Dr Cyriac Abby Philips has become a high-profile liver doctor with a large online following, according to BBC News. The BBC profile, published under the headline “Loved and loathed: The making of India’s viral liver doctor,” describes how his direct commentary, frequent use of social platforms and insistence on clinical evidence helped him build an audience while drawing repeated criticism from proponents of traditional medicine in India (BBC News).
Quick summary
Dr Cyriac Abby Philips is a hepatologist who gained prominence by taking clinical debates into public online spaces, the BBC reports. His posts and threads focus on liver disease, drug safety and how to read scientific studies — material that spread widely beyond medical circles because of its clarity and confrontational tone (BBC News).
How Dr Cyriac Abby Philips built an online following
The BBC article outlines techniques that helped Philips reach a large audience: translating complex study findings into plain language, using long-form social threads and short videos, and repeatedly challenging claims he considered unsupported by strong evidence (BBC News). According to the report, his combination of forensic reading of studies and blunt public summaries attracted patients, junior clinicians and lay readers who wanted evidence-based explanations.

BBC reporting highlights that Philips’s content often centers on practical questions — for example, medication risks, hepatitis management and safety signals in research papers — and that those topics resonated because they address real patient concerns (BBC News). The piece describes how viral posts amplified his profile, turning clinical commentary into widely shared material in India’s online health conversations.
Conflicts with traditional medicine specialists
The BBC reports that Philips has often clashed with traditional medicine specialists in India, particularly when he publicly questions the evidence behind treatments promoted by some practitioners (BBC News). Those clashes have played out in public rebuttals, formal objections and media coverage, according to the BBC.
As the BBC notes, critics say Philips’s tone can be confrontational and that public disputes can inflame professional tensions (BBC News). Supporters counter that blunt public critique is sometimes necessary to challenge claims they view as potentially misleading or harmful. Where disagreements touch on regulation, the BBC report says, they illustrate friction between modern clinical standards and long-standing traditional systems in India (BBC News).
Supporters, critics and public reaction
BBC reporting describes a divided public response: many patients and some clinicians praise Philips for clarity and insistence on data, while others worry his public disputes escalate controversies and may not fully account for cultural roles of traditional practices (BBC News).
The article emphasises how social platforms magnify both support and criticism. Viral posts attract fast, polarized responses; a single exchange can become a broader symbol in debates about medical authority, trust and how the public evaluates competing health claims (BBC News).
Why it matters for India’s health debate
Why it matters: the BBC frames the Philips story as an example of how individual clinicians who are active online can shape public conversations about medicine in India (BBC News). His prominence raises questions about how the public judges medical claims, how professional disagreements should be handled in public, and whether digital-era communication requires new norms or oversight.
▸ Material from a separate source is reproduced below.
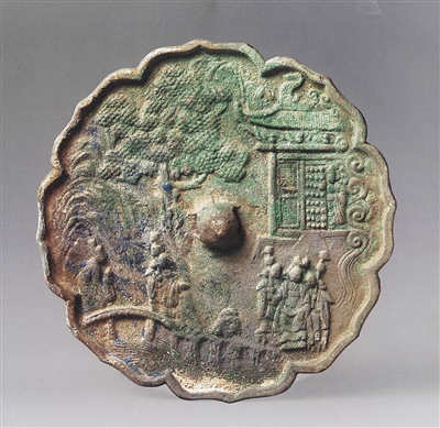 此镜画面中的大树很像《明皇梦游广寒宫》中的“广陵大桂树”;桥面上除了两个人物外,还有一物处于妇人和侍者之前,形似卧坐的金蟾;有着鸱吻、众多圆门钉的宫殿与“广寒清虚之府”的描述也有吻合;盛装妇人与高冠男子想必就是嫦娥和唐明皇了。从人间飞升月宫的唐明皇,跨过小桥来到桂树旁的广寒宫,在宫外等候的嫦娥派侍女前去桥上迎接。不过,月宫镜中的嫦娥多是年轻女子的形象,此镜中的嫦娥却似一贵妇,所以有说法认为此类铜镜的画面表现的是周穆王见西王母的场景,倒也有些许道理。
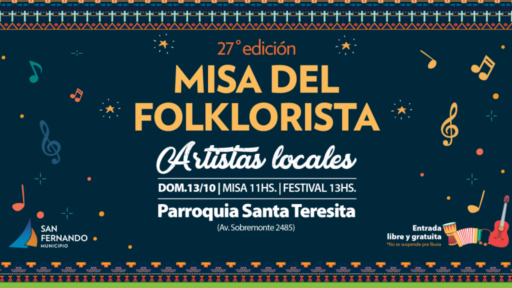 El Municipio de San Fernando invita a los vecinos a participar de la vigésimo séptima edición de la Misa del Folklorista, tradicional encuentro de la comunidad que tendrá lugar el domingo 13 de octubre desde las 11 horas en la Parroquia Santa Teresita, en Av. Sobremonte 2485.

The BBC notes that episodes like these can have practical consequences: they affect trust in institutions, influence how people weigh traditional versus modern treatments, and shape the ecosystem around misinformation and public health communication (BBC News). Policymakers, professional bodies and platforms will likely continue to face pressure to define clearer standards for conduct, evidence and dispute resolution online.
Source and reporting note
This profile is based on reporting by BBC News. The original article, “Loved and loathed: The making of India’s viral liver doctor,” provides the reporting, examples and quotes summarised here (BBC News).
Source: Loved and loathed: The making of India’s viral liver doctor — BBC News – Health
Key takeaways
- Dr Cyriac Abby Philips built a large online following by translating clinical evidence for public audiences and posting forceful critiques (BBC News).
- His public critiques have often brought him into conflict with traditional medicine specialists in India, highlighting tensions about evidence, authority and cultural practice (BBC News).
- The case shows how social media shapes medical debate and underlines calls for clearer professional norms, better public understanding of evidence, and improved media literacy (BBC News).
Frequently asked questions
What happened with Dr Cyriac Abby Philips?
BBC reporting describes how Philips rose to wider attention by sharing evidence-based critiques and patient-focused explanations online. That visibility led to public disagreements with some traditional medicine advocates and to controversies covered in the media (BBC News).
Why does Dr Cyriac Abby Philips matter?
He matters because he illustrates how clinicians using social media can influence public understanding of medicine, affect patient choices and become central figures in debates over evidence versus tradition in India’s health landscape (BBC News).
What happens next?
The BBC suggests the immediate future could bring further public exchanges, possible professional reviews and continued discussion about how disputes should be handled in public spaces. The wider conversation will likely keep focusing on evidence standards, trust and the balance between cultural practices and modern clinical norms (BBC News).
Reporting credit: BBC News – Health. For the original reporting, see the BBC article linked above.